The US Geological Survey (USGS) maintains fairly detailed maps of rock formations for most states, including formations known to have karst. In PA, there are a number of “carbonate” rock families known for karst features and settlement issues: limestone and dolostone, and, to a lesser extent, shale. Meanwhile, the PA Department of Conservation and Natural Resources (DCNR) has maintained a record of karst “features” — sinkholes and surface depressions — documented since 1985. A great explanation of the different types of karst features can be found here.

Underestimating the Risks

What is concerning about the Lisa Drive sinkholes is that Sunoco had supposedly already conducted additional karst geological reviews of the area as part of the August DEP settlement, subsequently ranking a nearby HDD (#PA-CH-0219) as “low risk” for running into karst issues—despite knowing the HDD runs through a karst formation with sinkholes and surface depressions in the area. For the HDD that runs the length of Lisa Drive (#PA-CH-0256), the study rated its risk as “very low.” These two HDDs are shown below, along with the area of ME1 now under structural review.

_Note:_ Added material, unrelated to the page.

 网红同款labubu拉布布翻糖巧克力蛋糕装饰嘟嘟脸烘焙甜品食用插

The likely result of these inaccurate assessments led to two IRs at Lisa Drive, one in October and another in November 0f 2017. DEP’s writeup of these events note that the total volume of drilling muds spilled remains unknown because Sunoco didn’t report the incident. Then, only a month later, sinkholes emerged in the same locations. An image of the November HDD IR is shown below.

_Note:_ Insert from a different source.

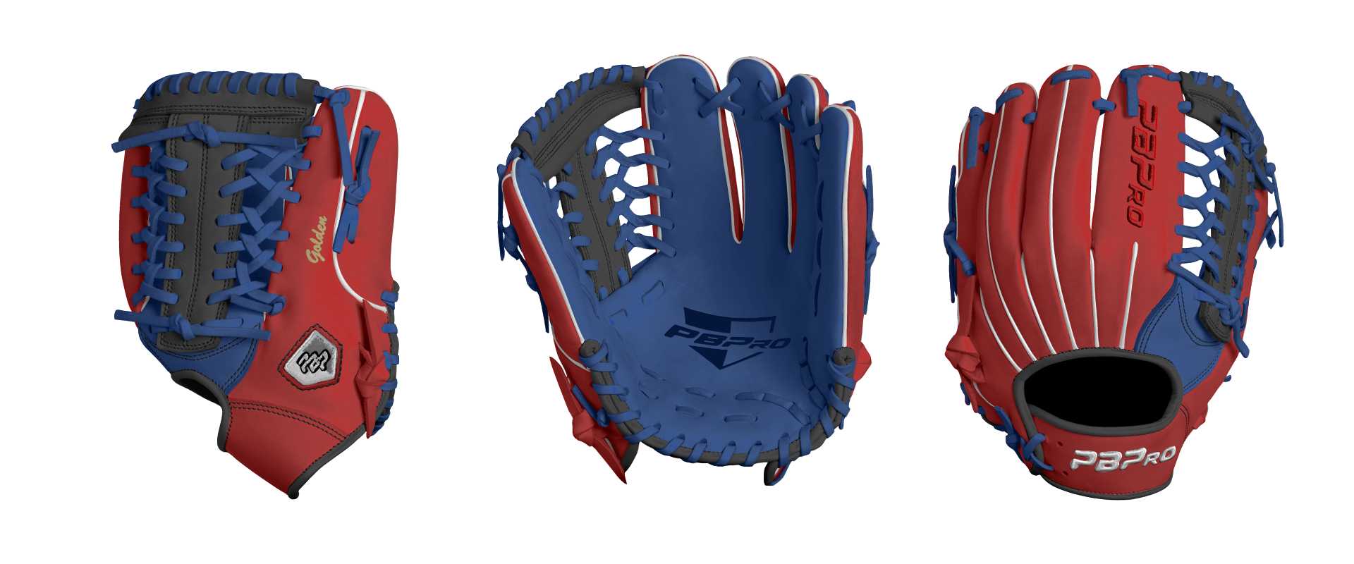 Category: PBPro Custom Product: Baseball Series: Travel Pro Series | USD 149.00 Glove Type: Fielders Size: 12" Finger Pad: Without Finger Pad Web: Modified Trap Web Palm: Palm (Color: Royal) Back Shell Main: Back Shell Main (Color: Red) Back Shell Accent: Back Shell Accent (Color: Red) Web: Web (Color: Black) Welting: Welting (Color: White) Binding: Binding (Color: Black) Lace: Lace (Color: Royal) Logo and Label: Logo and Label (Color: White) Stitch: Stitch (Color: Black) Embroidery: Embroidery (Color: Red) Hand Throw: Right Hand Thrower Lace Length: Normal Name: Golden (Font Style: Brush Script MT, Font Color: Vegas Gold, Patch Color: N/A) Flag (Ring Finger): United States Remarks: N/A

It is important to note two additional things of Sunoco’s karst study, an except of which is seen in their map of the West Whiteland area below. First, Lisa Drive is just on the edge of a karst limestone formation. USGS data suggest the location is actually mica schist, but the USGS data is also only a rough estimate of different formations. This underscores why pipeline companies must be required to conduct detailed geotechnical analysis of all HDD sites at the onset of their projects.

The other notable aspect of Sunoco’s study is that it does not fully represent all rock formations known to have karst features. In Sunoco’s map, we see orange shading for limestone, but this does not include dolostone that underlies the many surface depressions and sinkholes surrounding West Whiteland. FracTracker’s map includes these formations for greater accuracy.

Takeaways

Interestingly, as Anya Litvak of the Pittsburgh Post-Gazette observed in her reporting on the Lisa Drive incident, Sunoco’s updated karst assessment ranked the entire route of the ME2 pipeline through the state as “low to very low” risk for potential issues. Furthermore, Sunoco has tried to downplay the Lisa Drive incident, stating that “all areas have been secured,” and that additional incidents are unlikely to occur.

But the overall relationship between Mariner East 2’s IRs, HDD sites, and known karst features tells a very different story than Sunoco’s about the potential risks of ME2. In addition to the concerns about new sinkholes near Lisa Drive, FracTracker found the following in our analysis:

  • 7 sinkholes and 386 surface depressions are within 1,500ft of a ME2 HDD site.
  • Of the 230 HDDs, 87 are located in carbonate rock areas (52 in limestone/dolostone, 35 in shale).
  • Of the 99 IRs, 39 have occurred in carbonate rock areas (23 in limestone/dolostone, 16 in shale).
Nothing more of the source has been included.